Parallel Bootstrap t-procedure for confidence bands

267 views Asked by At

I'm implementing a bootstrap-t procedure for confidence bands for a statistic. Here is my code:

 #Compute bootstrap variance
bt.var<-function(x,statistic,R=10000){
    var(replicate(R,statistic(sample(x,replace=T))))
} 

#Compute studentized bootstrap statistic
bt.one.student<-function(x, statistic.0, statistic,R=10000){
    (statistic(x)-statistic.0)/sqrt(bt.var(x,statistic,R))
}


#Compute 95% confidence bands
bt.student<-function(x,statistic,R1=10000,R2=10000){
    statistic.0<-statistic(x)
    one.boot<-function(x,statistic.0,statistic,R2){
        x.star<-sample(x,replace=T)
        theta.hat<-statistic(x.star)
        out<-bt.one.student(x.star,statistic.0,statistic,R2)
        c(theta.hat,out)
    }
    output<-replicate(R1, one.boot(x,statistic.0,statistic,R2))
    var.est<-var(output[1,])
    q<-quantile(output[2,], c(0.025, 0.975))
    c(statistic.0-sqrt(var.est)*q[2], statistic.0-sqrt(var.est)*q[1])
} 

Since I want to implement the function bt.student() using the parallel package to take advantage of multi-cores, I'm using the following code:

library(parallel)
cl<-makeCluster(detectCores())
bt.var<-function(x,statistic,R=10000){
          var(parSapply(cl, 1:R, function(i) statistic(sample(x,replace=T))))
}

bt.one.student<-function(x, statistic.0, statistic,R=10000){
    (statistic(x)-statistic.0)/sqrt(bt.var(x,statistic,R))
}

one.boot<-function(x,statistic.0,statistic,R2){
        x.star<-sample(x,replace=T)
        theta.hat<-statistic(x.star)
        out<-bt.one.student(x.star,statistic.0,statistic,R2)
        c(theta.hat,out)
    }

bt.student<-function(x,statistic,R1=10000,R2=10000){
    statistic.0<-statistic(x)
    output<-parSapply(cl, 1:R1, function(i) one.boot(x,statistic.0,statistic,R2) )
    var.est<-var(output[1,])
    q<-quantile(output[2,], c(0.025, 0.975))
    c(statistic.0-sqrt(var.est)*q[2], statistic.0-sqrt(var.est)*q[1])
}

clusterExport(cl, c("bt.var","bt.one.student","one.boot"))

clusterSetRNGStream(cl)

x<-rnorm(40,mean=3,sd=2)

clusterExport(cl, "x")

bt.student(x,mean,R1=150,R2=150)

I get the following error: Error in checkForRemoteErrors(val) : 4 nodes produced errors; first error: could not find function "parSapply"

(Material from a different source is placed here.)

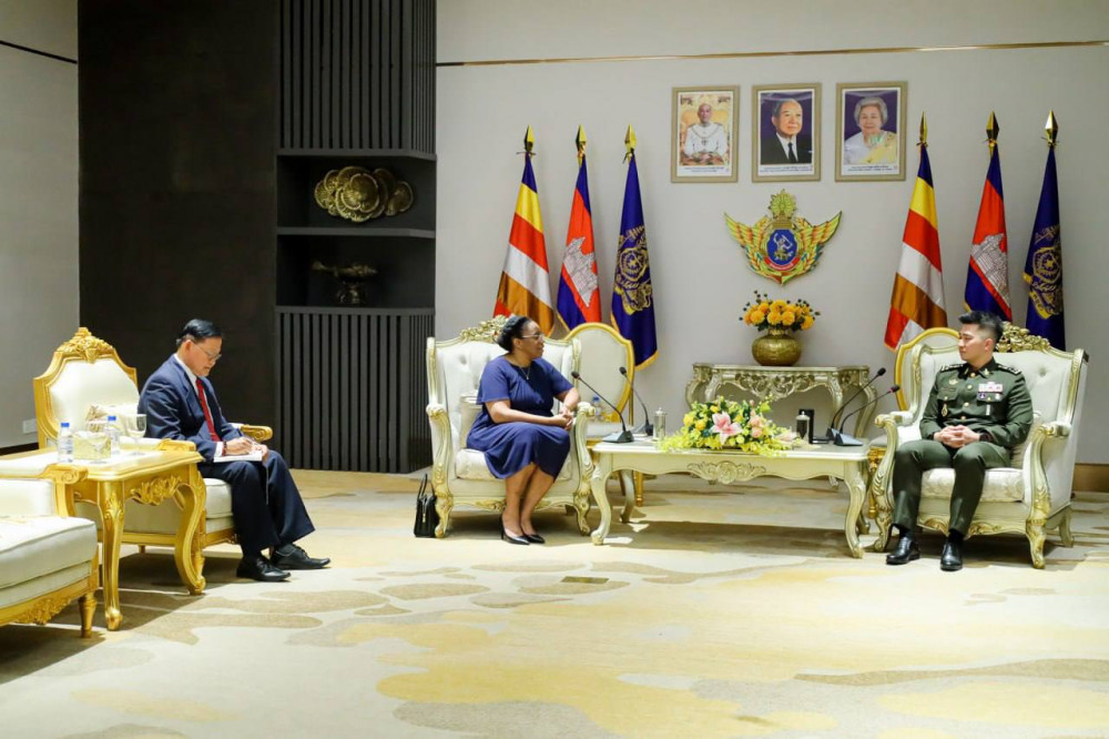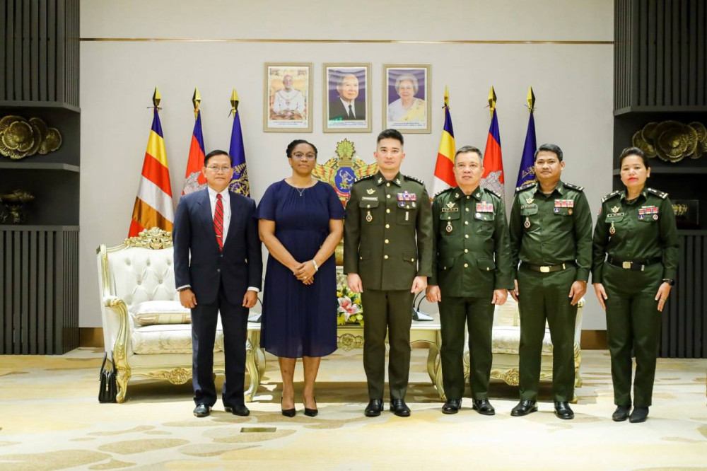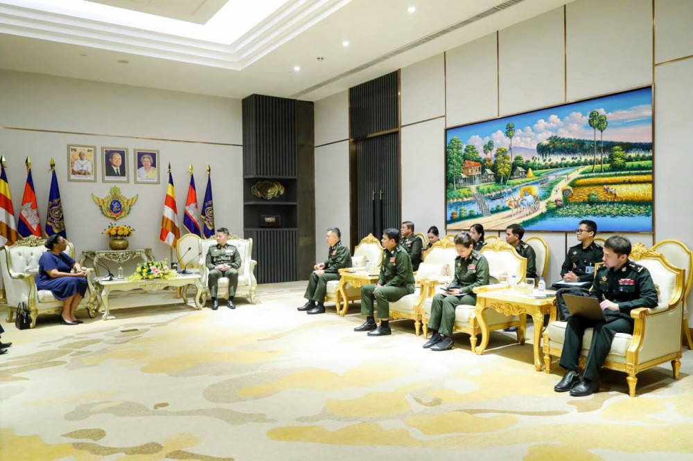 ឯកឧត្តម ឧត្តមសេនីយ៍ឯក រ៉ាត់ ដារ៉ារ័ត្ន រដ្ឋលេខាធិការក្រសួងការពារជាតិ តំណាងឯកឧត្តម នាយឧត្តមសេនីយ៍ ទៀ សីហា ឧបនាយករដ្ឋមន្ត្រី រដ្ឋមន្ត្រីក្រសួងការពារជាតិ ទទួលជួបលោកជំទាវ Milena Caridad Zaldívar Piedra ឯកអគ្គរដ្ឋទូតនៃសាធារណរដ្ឋគុយបា ប្រចាំកម្ពុជា នៅទីស្តីការក្រសួង រាជធានីភ្នំពេញ នាព្រឹកថ្ងៃទី២២ ខែមេសា ឆ្នាំ២០២៦។

Do you know why I get this error? I have to use parSapply since there is no parallel equivalent replicate in the parallel package.

2

There are 2 answers

0
Steve Weston On BEST ANSWER

It looks like you're trying to use nested parallelism, which is rather tricky to do, and often isn't necessary. To make your example work, you'd have to create a cluster object on each worker, but then you'll have way too many workers which could horribly bog down your machine.

I suggest that you revert "bt.var" to the original sequential version, and only use "parSapply" in "bt.student". That gives you 10,000 good sized tasks, which should work well and make good use of your cores.

3
Oliver Keyes On

Because the newly-spawned R processes are newly-spawned - i.e., they're default processes. That means that they don't have the parallel package loaded locally.

Try adding clusterEvalQ(cl, library(parallel)).